Maya looked up in time to see Cassandra leave. She would get her the image, and maybe have a talk with her. Later. Right now, she had an autopsy to finish.

Viessa felt it before Cassandra spoke.

Not clearly, not in words, but enough. A hard spike of recognition from the observation room, sharp enough to cut through the careful clinical distance Viessa had built around herself. Fear, anger, something old and ugly dragged up too fast.

She did not look up until Cassandra’s voice came through the intercom.

The request was reasonable. The exit was not.

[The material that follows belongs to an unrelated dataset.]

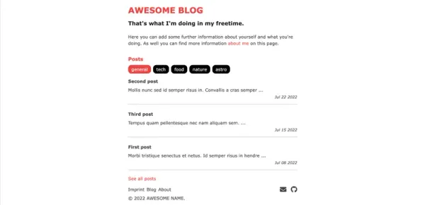 A minimal blog using Tailwind CSS and TypeScript. Integrated tags with filtering for posts by tags, RSS support, auto-generated web manifest and SEO readiness.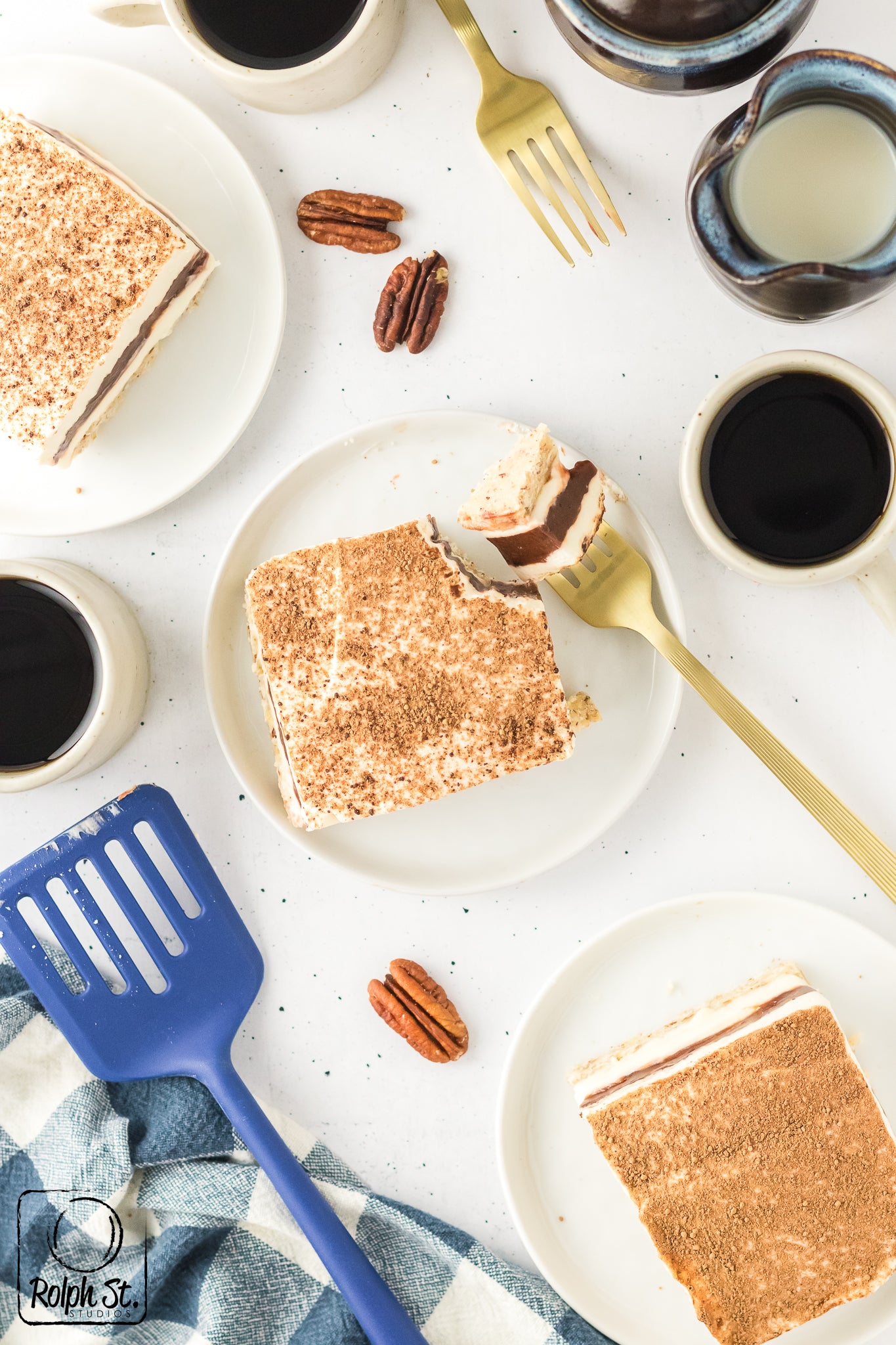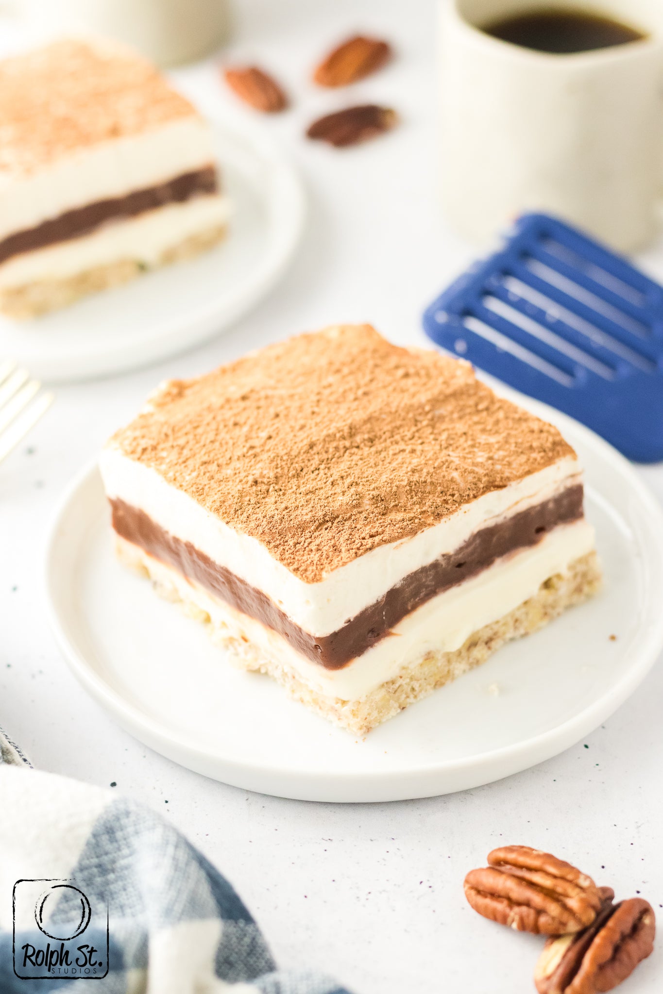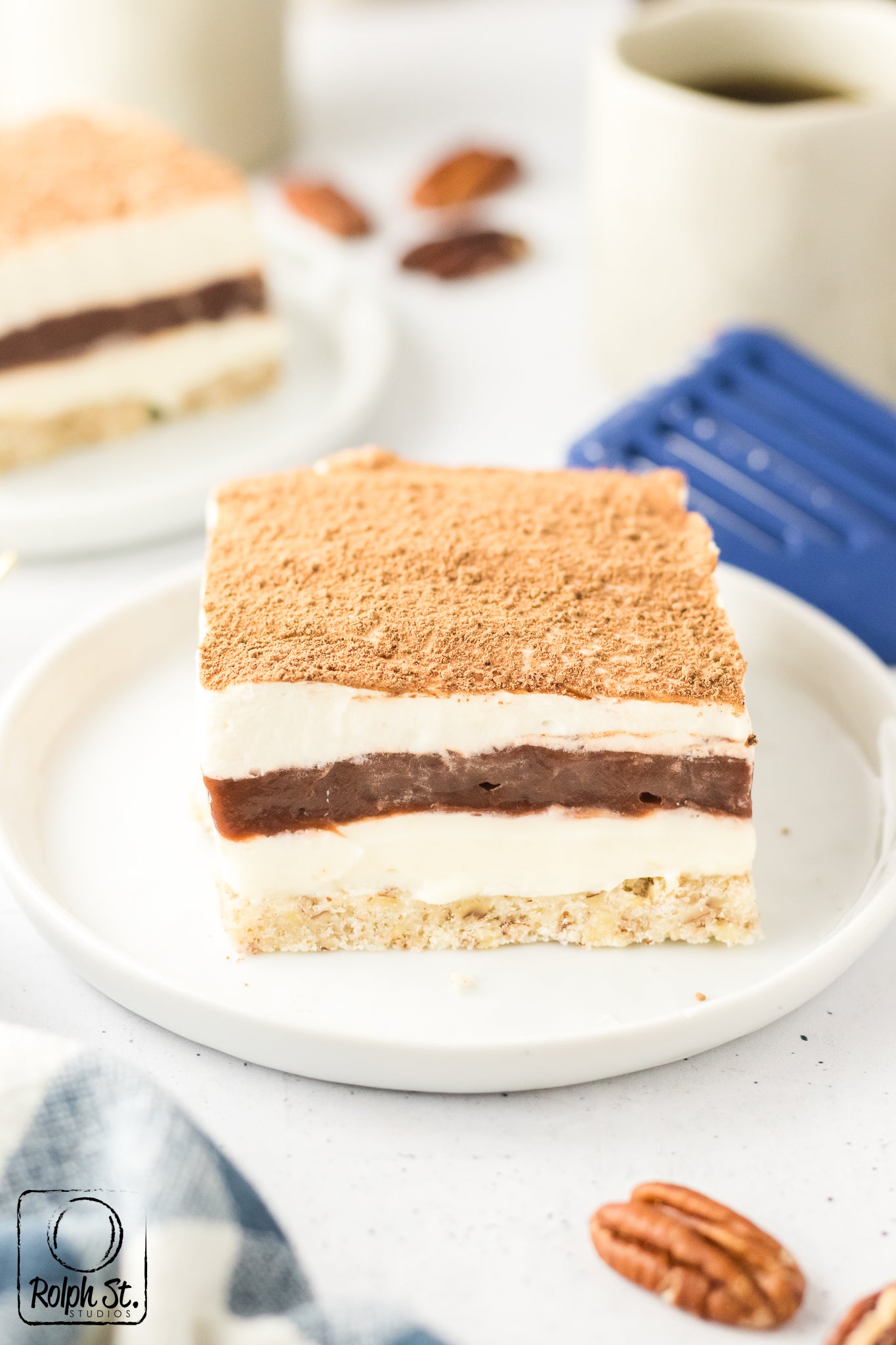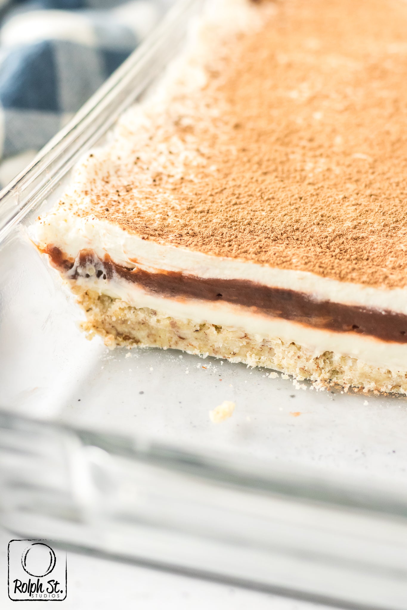 Main ingredients: pecans, cream cheese, powdered sugar, chocolate pudding mix, vanilla pudding mix, heavy cream

Viessa watched her leave through the glass, her expression tightening for only a second before she made herself look back at Peter. Whatever Cassandra had just recognised, whatever ghost had put its hand around her throat, it could wait a little longer. Peter could not.

“We’ll get the scan,” Viessa said quietly, for the room more than the recorder. “Full resolution, clean angle, no compression.”

She glanced over the body again, keeping herself in the work because that was where she was useful.

“No other obvious markings from this position,” she added, her voice steady but softer now. “Beyond those already noted. I’d suggest we finish the visual record, then take the tattoo capture before we move on.”

A beat passed.

“And someone should check on Cassandra when this is done,” Viessa said, not unkindly. “But not before.”

"Yes," Maya agreed, looking up at the empty observation room. She would definitely check on Cassandra. Then, for the computer, she said, "Moving on to the internal autopsy."

"Computer scans detail what appears to be years of abuse. Organ damage is significant. Bone fractures were not repaired properly." She didn't go into detail as the scans would be included in their report.

Maya looked to Viessa with a raised eyebrow, silently asking her if she had anything to add to the verbal commentary.

Viessa did not add to Maya’s summary. There was nothing useful in repeating what the scan had already made clear.

Instead, she checked the evidence log at the side console, her movements careful and quiet. The tattoo image had saved cleanly, the scan data was attached, and the chain of custody had been sealed under the autopsy file.

“Tattoo capture and full-body scan are logged,” she said, keeping it simple. “No gaps in the record.”

She looked back at Peter, then lowered her voice a little.

“That should give Cassandra what she needs when she is ready to look at it.”

Not before, Viessa thought, but she did not say that part aloud.

She stepped back from the console and gave Maya the room to finish it properly.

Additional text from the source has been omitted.